(Collection entries)

━━━━

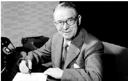
Ole Kirk Christiansen

Ole Kirk Christiansen fonde l'entreprise Lego, à Billund au Danemark.
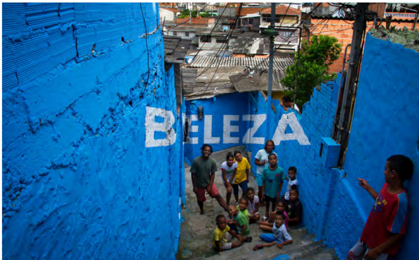
Proyecto de arte comunitario en Brasilândia, una favela de São Paulo, Brasil, coordinada por Transición Brasilândia.
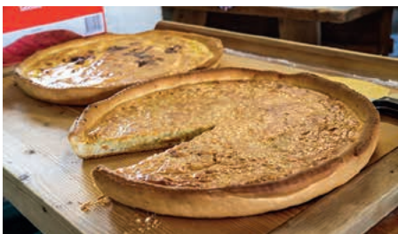
Zwiebel- und Kartoffelkuchen

Insgesamt 569 Zwiebel-, Kartoffel- und Schlutenkuchen wurden am Samstag vorbereitet, gebacken und teilweise bis weit übers Zabergäu hinaus verkauft, denn es hat sich längst herum gesprochen, dass die Frauenzimmerer Kuchen ganz besonders schmackhaft sind.
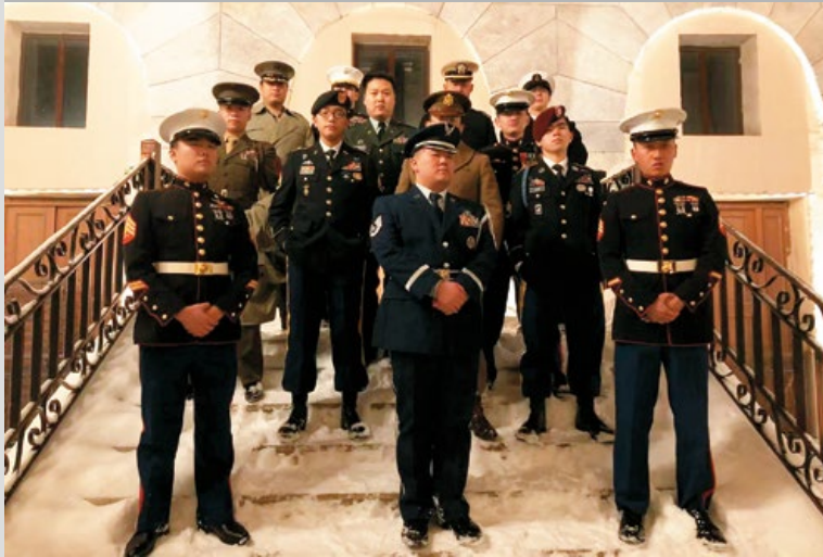
第一日活動部份軍迷們的合影，筆者因兼職工作人員而來不及拍大合照，誠屬遺憾。
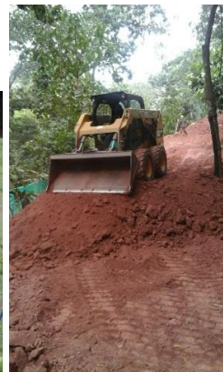
Adecuación vías acceso
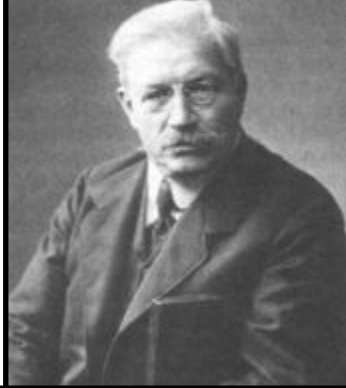
П.Н. Миллюков, кадет
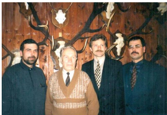
Su Tauragnų medžiotojais

dėl to truputį apmaudu. Seniūno darbas labai įvairiapusis – nėra nė vienos vienodos darbo dienos. Žmonės pas mus geri. Kai pasikalbi su kolegomis, matai, kad ypač priemiestinėse seniūnijose seniūnai turi daugiau visokių problemų. Kasdieniai rūpesčiai – ūkiniai. Dabar žiema, užsninga kelius, sunku privažiuoti autoparduotuvėms, greitajai pagalbai. Todėl dabar svarbiausias rūpestis – kelių valymas. Darbo pradžioje galvojau: kalnus versim, tvarkysimės kaip savo kieme, savo biudžeto lėšas naudosim ten, kur mums atrodys būtiniausia. Tačiau tikrovėje būna visai kitaip. Daug ką riboja Viešųjų pirkimų įstatymas. Iš principo jis labai reikalingas, kad nebūtų pinigai, ypač dideli, iššvaistomi, tačiau įstatymas ir labai apriboja net ir nedidelius pirkimus. Pavyzdžiui, reikia kastuvų sniegui kasti, sutartis sudaroma su pardavėju, kuri pasiūlo mažiausią kainą.
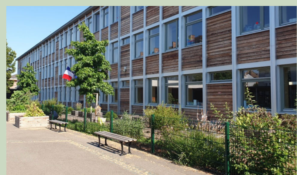
École Edouard Branly 2020
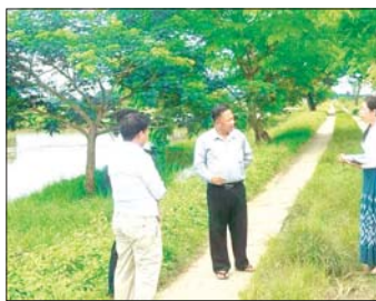
တွင် သန်လျင်မြို့နယ်အတွင်း ၂၀၂၅-၂၀၂၆ ဘဏ္ဍာရေးနှစ် ပြည်ထောင်စု / တိုင်းဒေသကြီး ရန်ပုံငွေဖြင့် ဆောင်ရွက်မည့် ကျေးလက်လမ်းတံတားများကို ကြည့်ရှုစစ်ဆေးပြီး လိုအပ်သည့် မြေပြင်အခြေအနေ၊ လိုက်နာဆောင်ရွက်ရန် လိုအပ်သော အချက်များကို ခရိုင်ကျေးလက်လမ်းဖွံ့ဖြိုးရေးဦးစီးဌာန ခရိုင်ဦးစီးမှူး၊ မြို့နယ်ဦးစီးမှူးနှင့် တာဝန်ရှိသူများအား ဆွေးနွေးရာကြားပြီး လုပ်ငန်းများ ဆောင်ရွက်မည့် နေရာများအား ကြည့်ရှုစစ်ဆေးခဲ့ကြောင်း သိရသည်။
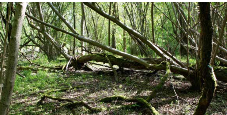
Streng geschützt: Urreben im Auwald der Rheininsel Ketsch.
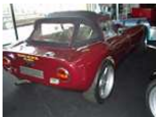
Sylva Fury Vorfürswagen #102
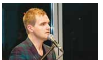
Ott Lepland südameid sulatamas.
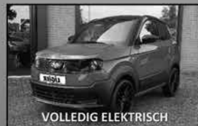
Ligier Myli 12kWh R.ebel Citycar 11-2023, 10.102km Rijden zonder autorijbewijs, veilig en droog. Airco en stuurbevestiging € 18.500,-

Uw auto- en brommobiel- dealer voor Apeldoorn en de Veluwe
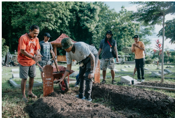
Gambar 37. Team Artistik Sedang Persiapan Take di Pemakaman Umum Pemda Sleman
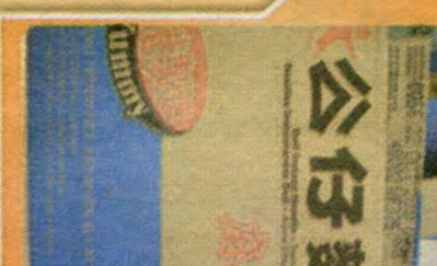
$ 7.99 per Box

571 ADAMS AVE. PHILADELPHIA, PA 19120 Tel : 215-728-1300 Fax : 215-728-1600
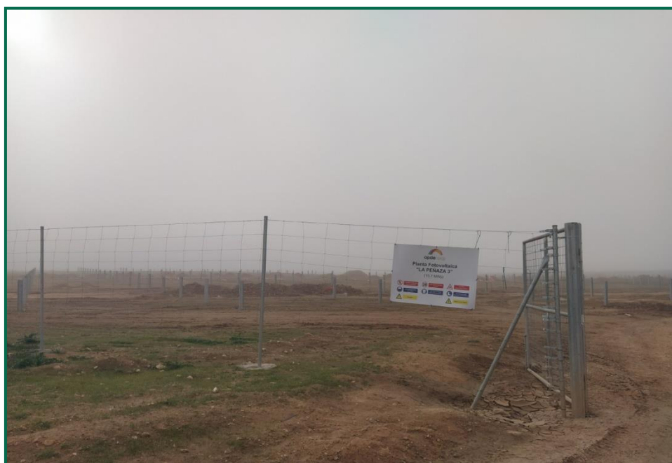
Fotografía 2. Vallado.
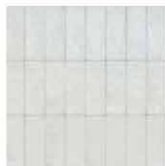
R80Y 7,5x15 Bianco

━━━━

[ASSIGNED TASK] Starting with the line containing "7.99 per Box" and ending with the last line of the records above, write out each line exactly; no pictures.

[TASK RESULT]
$ 7.99 per Box

571 ADAMS AVE. PHILADELPHIA, PA 19120 Tel : 215-728-1300 Fax : 215-728-1600
Fotografía 2. Vallado.
R80Y 7,5x15 Bianco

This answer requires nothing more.